In the last post I summarized Bernward Joerges’ critique of Langdon Winner’s understanding of Robert Moses’ bridges. Hence, it seems suitable to summarize Steve Woolgar and Geoff Cooper’s critique of that critique … and of Winner’s understanding as well (in Social Studies of Science, vol. 29, No. 3, 1999). If it is not an Aufhebung (it is not) it is at least a fundamental shift of focus.

The aim of Woolgar and Cooper is to build on Joerges analysis and go beyond his sticking to the ‘historical facts’ and to show why this needs to be done. It is also to “clarify significant misapprehensions which Joerges attributes to ‘Woolgar’, and to ‘the discourse position’” (434). There is much more to be learned than just that Winner was wrong.

Woolgar and Cooper summarize Winner’s story of Moses’ bridges as one constituting a disjunction between what in a certain technology that seems to be (bridges that let vehicles pass over water) and the actual case of it (the bridges only letting certain groups of people over due to racist design). This disjunction follows from what led up to the technological artifact, i.e. the racist politics implemented into the design process. And, the effects of the technology are in line with the motives of the designer, i.e. the effects are (only) racist politics in action. This is what gives Moses’ bridges political qualities (artifacts thus have politics), whether or not the racist design was conscious or not (here Woolgar and Cooper seem to miss the point Winner made of this being conscious racist design).

Instead of jumping directly to Joerges critique, Woolgar and Cooper now retell some other stories of debunking the claims made by Winner. A student, named Jane Douglas, at a lecture debunks the Winner-story by claiming that she’s been riding buses over Moses’ bridges everyday when living in New York. This will become important later on.

Back to Joerges, he makes a distinction between words and things that is misleading when it comes to textual practice, claims Woolgar and Cooper. Ironically, he is here following Winner’s position. This position gives “ontological priority to things over words” (435). But, W&C argues, texts “encompass both words and things” (ibid.). If I understand them correctly, this is because words are part of the constituting of things, bringing them into the text. There are both words and things in a text, with the (once again ironically) example of Joerges’ text itself, so full of ‘words’ and (following Joerges) absent of things.

What Woolgar and Cooper does is basically to leave the question of true and false representation of things behind and ask “what does the text do?” and “how does it gain the status of truth?”. They argue that both Winner’s and Joerges’ bridges are construed through eliding the “possible auxiliary theories” that undermine the “emerging consensus” (437).

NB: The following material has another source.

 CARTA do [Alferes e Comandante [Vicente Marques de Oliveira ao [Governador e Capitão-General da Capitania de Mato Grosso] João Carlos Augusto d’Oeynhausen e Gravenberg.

This is nothing separating them from correct representations of artifacts; this is an essential ambivalence at the core of every representation. Joerges ignores this the “essential ambivalent quality of artifacts” (438), i.e. that aspects of it are always out of reach.

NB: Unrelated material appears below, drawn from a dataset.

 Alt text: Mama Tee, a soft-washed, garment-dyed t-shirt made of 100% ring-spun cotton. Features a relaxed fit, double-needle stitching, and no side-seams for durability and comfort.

So, the iconic status given to Winner’s story is not to be found in the text (it is not because of an error committed or not), it is to be found in the outcomes of the story’s usage. As such, stories are like artifacts (or rather, they are artifacts), since “the properties of the artifact are the outcome, not the cause, of their reception” (439) and what is to be analyzed is its movement in and through relational contexts. This is fancy talk for: Who cares about the truth of the story? What’s interesting is how and by whom it is used!

The conclusion is that Moses’ (or Winner’s) bridges are Urban Legends for academics. If “Winner’s bridges didn’t exist you would have to invent them” (441). It tells moral stories about boundaries and boundary transgression. For some bridges seems only to be bridges. (Arguably, Joerges’ bridges could be argued to be an Urban Legend as well, telling the moral tale of those transgressing the truth-lie-boundary.) This is the usage of Moses’ bridges.

The other conclusions Woolgar and Cooper draws are that Joerges is as much on the level of intention as Winner (Moses did not intend racist bridges!), thus underplaying “the significance of the constant availability of competing versions of Moses’ ‘actual’ intentions” (442), and that Joerges by taking the middle road between Control and Contingency (such a third-way-social-democrat-fuck-strategy) draws a erroneous “conceptual geography” (why this is the case is not fully developed).

So, this is the critique of the critique of the critique. I’ve seen that there is a critique of this critique. We’ll see if I manage to take that one on as well. And then maybe with a less vulgar usage of the term ‘critique’.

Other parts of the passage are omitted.